_Work request_: Repeat the records in full and exactly, omitting pictures.

Items from a dataset:
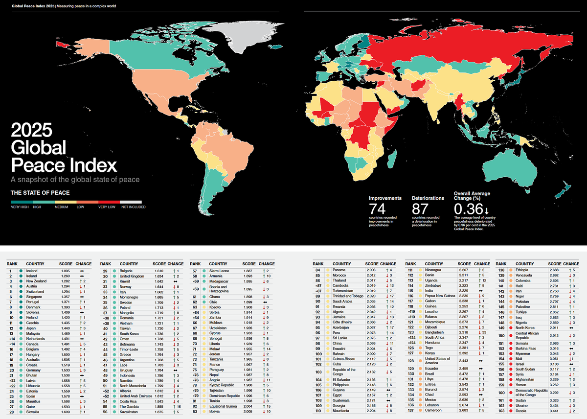 Индекс, который ранжирует 163 государства в соответствии с уровнем их миролюбия. Индекс, разработанный Институтом экономики и мира (IEP), является ведущим мировым показателем глобального миролюбия.
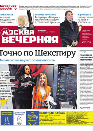 «Вечерняя Москва» — ежедневная российская вечерняя газета, старейшее из вечерних изданий в России, учрежденное в 1923 году. Выходит пять дней в неделю, кроме субботы и воскресенья. Отличается тем, что рассказывает о событиях еще не завершившегося дня. Оперативно освещает хронику и особенности жизни Москвы, охватывает все слои общества и большинство профессиональных и возрастных групп читателей.Издание представлено тремя выпусками – утренним ежедневным, вечерним (выходит три раза в неделю), еженедельным (выходит по четвергам).
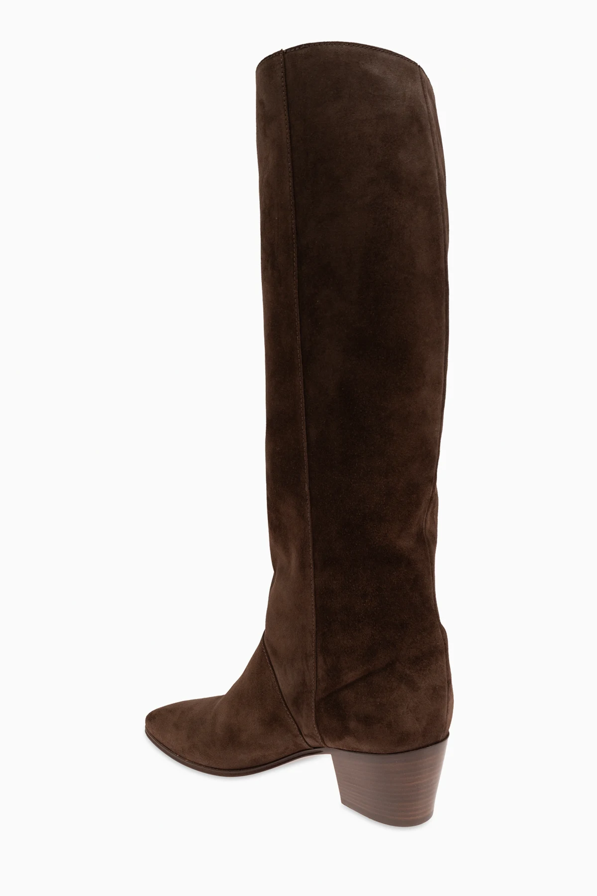 Przedstawiamy Państwu zamszowe kozaki z ekskluzywnej kolekcji marki Casadei . Te wyjątkowe buty charakteryzują się klasycznym, wysokim fasonem, sięgającym poniżej kolana, oraz średniej wysokości, szerokim obcasem, który zapewnia stabilność i wygodę.
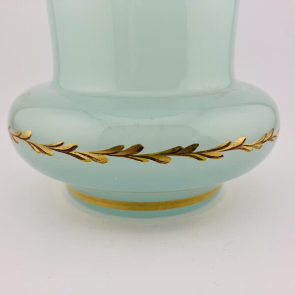 Ce joli vase en verre opale couleur vert d’eau est très élégant avec ses jolies dorures peintes à la main.
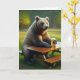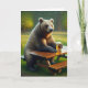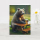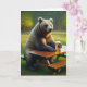 Urso grande sentado numa mesa piquenique com uma caneca de cerveja para Dia de os pais. O texto é editável.
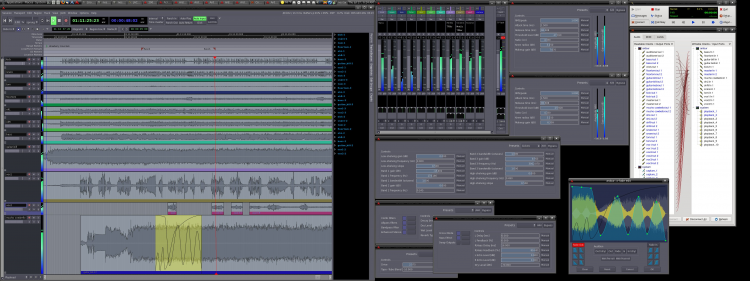 Ardour поддерживает произвольное количество звуковых дорожек и шин и систему маршрутизации чего угодно куда угодно. Все параметры громкости, панорамирования и параметры плагинов могут быть автоматизированы. Все операции микширования и процедура хранения сэмплов внутри выполняются в 32-разрядном формате с плавающей точкой для обеспечения высокой точности и достоверности.
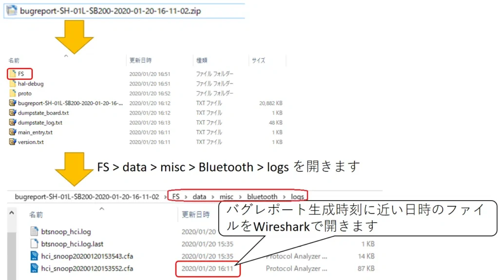 バグレポートのzipファイルを解凍します。
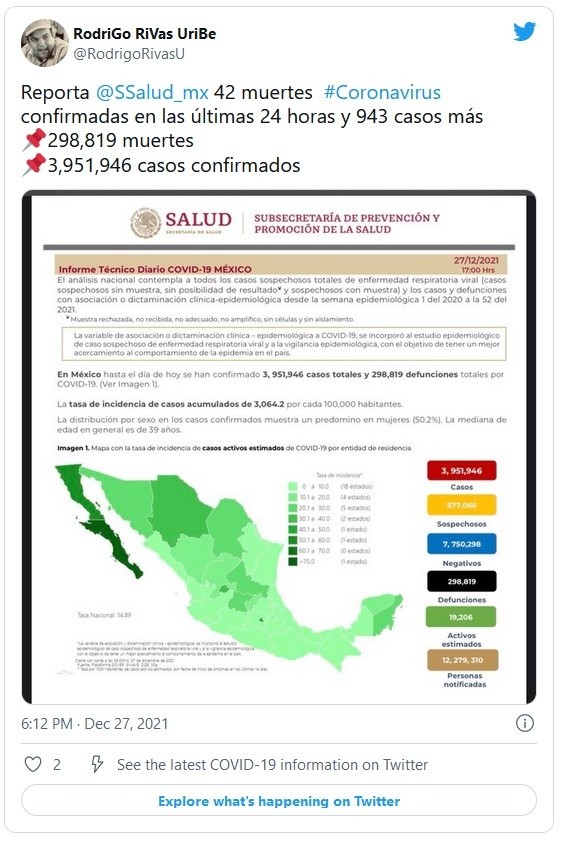 Este lunes, la Secretaría de Salud informó que México registró este lunes 42 muertes por COVID-19 para llegar a 298 mil 777 decesos totales y 943 nuevos contagios para un total de tres millones 951 mil 946 casos.De la cifra de casos totales, hay 19 mil 206 activos, que han presentado síntomas durante los últimos 14 días. Además, desde el inicio de la pandemia se han recuperado tres millones 302 mil 873 personas.La ocupación media de camas generales se sitúa en un 13 % y el uso de camas de terapia intensiva en un 11 por ciento.México detectó a la primera persona contagiada con la variante ómicron el 3 de diciembre y desde entonces suman más de 40 casos confirmados por los gobiernos de Ciudad de México, Estado de México, Nuevo León y Sinaloa.Las autoridades también indicaron que dentro del programa de vacunación se han aplicado 148.5 millones de dosis, al sumar 787 durante la última jornada.De los 126 millones de habitantes que tiene México, 81.9 millones tienen al menos una dosis de la vacuna, es decir, el 87 % del total de la población mayor de edad. De ese total, el 89 % (72.69 millones) ha completado su esquema de vacunación.JM

_Result_:
 Индекс, который ранжирует 163 государства в соответствии с уровнем их миролюбия. Индекс, разработанный Институтом экономики и мира (IEP), является ведущим мировым показателем глобального миролюбия.
 «Вечерняя Москва» — ежедневная российская вечерняя газета, старейшее из вечерних изданий в России, учрежденное в 1923 году. Выходит пять дней в неделю, кроме субботы и воскресенья. Отличается тем, что рассказывает о событиях еще не завершившегося дня. Оперативно освещает хронику и особенности жизни Москвы, охватывает все слои общества и большинство профессиональных и возрастных групп читателей.Издание представлено тремя выпусками – утренним ежедневным, вечерним (выходит три раза в неделю), еженедельным (выходит по четвергам).
 Przedstawiamy Państwu zamszowe kozaki z ekskluzywnej kolekcji marki Casadei . Te wyjątkowe buty charakteryzują się klasycznym, wysokim fasonem, sięgającym poniżej kolana, oraz średniej wysokości, szerokim obcasem, który zapewnia stabilność i wygodę.
 Ce joli vase en verre opale couleur vert d’eau est très élégant avec ses jolies dorures peintes à la main.
 Urso grande sentado numa mesa piquenique com uma caneca de cerveja para Dia de os pais. O texto é editável.
 Ardour поддерживает произвольное количество звуковых дорожек и шин и систему маршрутизации чего угодно куда угодно. Все параметры громкости, панорамирования и параметры плагинов могут быть автоматизированы. Все операции микширования и процедура хранения сэмплов внутри выполняются в 32-разрядном формате с плавающей точкой для обеспечения высокой точности и достоверности.
 バグレポートのzipファイルを解凍します。
 Este lunes, la Secretaría de Salud informó que México registró este lunes 42 muertes por COVID-19 para llegar a 298 mil 777 decesos totales y 943 nuevos contagios para un total de tres millones 951 mil 946 casos.De la cifra de casos totales, hay 19 mil 206 activos, que han presentado síntomas durante los últimos 14 días. Además, desde el inicio de la pandemia se han recuperado tres millones 302 mil 873 personas.La ocupación media de camas generales se sitúa en un 13 % y el uso de camas de terapia intensiva en un 11 por ciento.México detectó a la primera persona contagiada con la variante ómicron el 3 de diciembre y desde entonces suman más de 40 casos confirmados por los gobiernos de Ciudad de México, Estado de México, Nuevo León y Sinaloa.Las autoridades también indicaron que dentro del programa de vacunación se han aplicado 148.5 millones de dosis, al sumar 787 durante la última jornada.De los 126 millones de habitantes que tiene México, 81.9 millones tienen al menos una dosis de la vacuna, es decir, el 87 % del total de la población mayor de edad. De ese total, el 89 % (72.69 millones) ha completado su esquema de vacunación.JM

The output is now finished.